If you are only slightly interested in the history of electronic design, or the silicon valley, there are three people, you will learn about really fast, absolute legends. There is Bob Widlar, whose middle finger is probably the most famous in electronics, if not the history of marketing. Then there is Jim Williams, who had the electronics of a Minuteman ballistic missile as living room decoration. The third would be legendary Bob Pease who drove a 1970 VW Stegosaurus Beetle.
The literature from and about these three is fascinating. One of the easiest accessible is the Electronic Design Magazine column from Bob Pease, called "Pease Porridge". Some time ago, I read an article titled "What's All This Analog Computing Stuff, Anyhow?" and it is a series of three parts. In part 2 there is a description of an analog computer, which is meant to simulate a car. Well, that is really intriguing, isn't it? And the article gives a fairly simple circuit as well:
The description in the article of how the circuit works is a bit sparse, so in the last week I took a closer look at how this circuit works and how it simulates a car. In the following I want to share my notes, perhaps they are helpful to others.
The first thing is to look at the system, which shall be simulated. It is a car - not a whole car, but one wheel with suspension.

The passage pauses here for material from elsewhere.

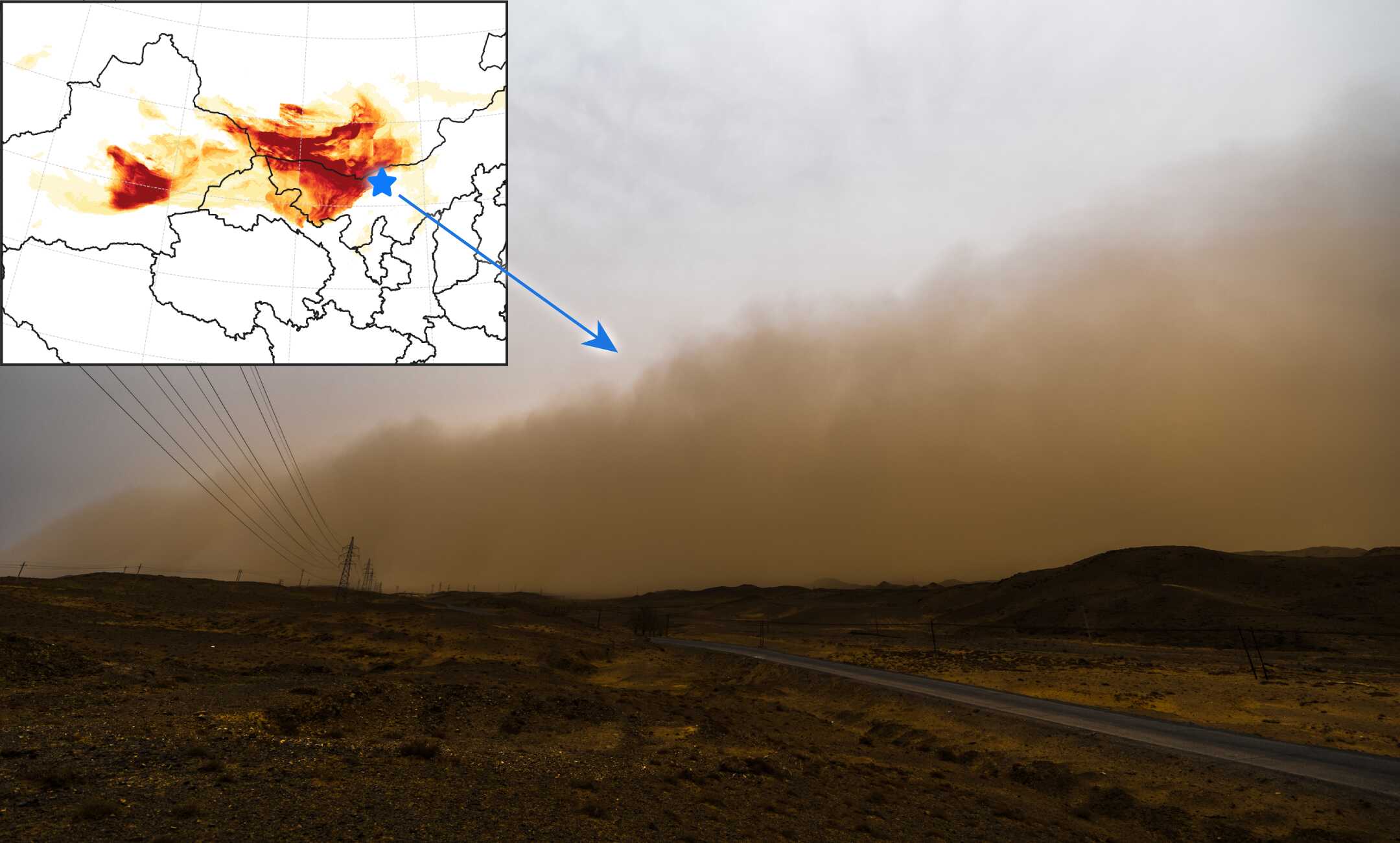 图 2 2024年4月13日,在iDust预报的指导下,陈曦团队与风暴摄影师刘屹靖团队合作在巴彦淖尔地区成功拍摄到一次极端沙尘过程

The wheel is simplified by having no rubber tire, so the street interacts directly with the suspension. If you have a look
at the forces, which are at work, you have:
--> gravity, pulling the car down,
--> a spring force as one part of the suspension
--> a damping force as another part from the suspension
--> and an effective force on the car.
The sum of all forces adds to 0, which means, that the system can be described as follows:
The mathematical description is fairly simple: you have a constant expression, one depending on positions, one depending on the velocities and one depending on acceleration. In the end, we arrive at a differential equation. So now we need some way of solving this.
There are circuits, based on operational amplifiers, which can invert, integrate and differentiate. The notes show how they are set up and what they do to the input signal:
Additionally, you can think of connecting two wires as adding their signals and when you need to multiply with a factor you use a resistor.
With these mathematical operations we take another look at Bob Pease's analog computer in a slightly larger drawing:
It is helpful to start looking at the lower part of the circuit, right after the part labelled "springs". Assume you already have the acceleration of the car which enters at this point with a negative sign. You will integrate it to take a look at the velocity, which is exactly what happens here: Start with the cars "-acceleration" and integrate it to get "velocity", invert it, to get the "-velocity". Then you take part of it and route it to the damper to calculate the damping force. A final integration yields the "+position" of the car which is fed back into the spring to calculate the spring force. The resistor represents the spring coefficient.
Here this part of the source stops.